FLEURS#

The config creates manifest for FLEURS dataset Arabic subset.

The config performs the following data processing. 1. Replaces certain non-supported characters, abbreviations and punctuation marks with equivalent supported versions. 2. Drops any data that contains high/low word occurence. 3. Drops any data that contains symbols not in the supported alphabet. 4. Can be used to remove punctuation and diacritical marks. 5. Can be used to replace positional forms of Arabic letters with general unicodes. 6. Can be used to normalize Arabic ligatures. 7. Can be used to remove Quranic Tatweel mark.

Required arguments.

raw_dataset_dir: path to the tarred dataset.
workspace_dir: specify the workspace folder where all audio files will be stored.
data_split: should be “train”, “dev”, “test”.
remove_diacritics: specify whether to remove tatweel marks or not.
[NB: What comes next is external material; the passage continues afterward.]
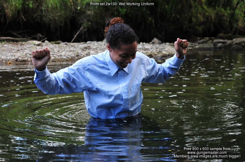 Next she kneels down in the water, and then slowly sits down on her heels, enjoying the sensations as the still-dry backs of her legs, and then her shapeley bottom, sink into the water. She sits in the river for a few moments, letting the pure fresh water flow through her clothes and caress her skin, before kneeling up again, so we can admire her soaked bottom.

Should be “True” or “False”. Defaults to True.
remove_tatweel: specify whether to remove punctuation or not. Should be “True” or “False”. Defaults to True.
normalize_ligature: specify whether to normalize ligature or not. Should be “True” or “False”. Defaults to True.
apply_nfkc: Applies NFKC normalization to the text. Find more here https://docs.python.org/3/library/unicodedata.html#unicodedata.normalize. Defaults to True.
min_duration: minimal duration of segment in seconds. Defaults to 0.1s.
max_duration: maximal duration of segment in seconds. Defaults to 20s.
min_wordrate: minimal wordrate. Defaults to 0.8.
max_wordrate: maximal wordrate. Defaults to 3.

Output format.

This config dumps the final manifest at ${workspace_dir}/${data_split}/manifest.json and wav files ${workspace_dir}/${data_split}/audios. The output manifest contains the following fields:

audio_filepath (str): relative path to the audio files.
text (str): transcription.
duration (float): audio duration in seconds.

Config link: dataset_configs/arabic/fleurs/config.yaml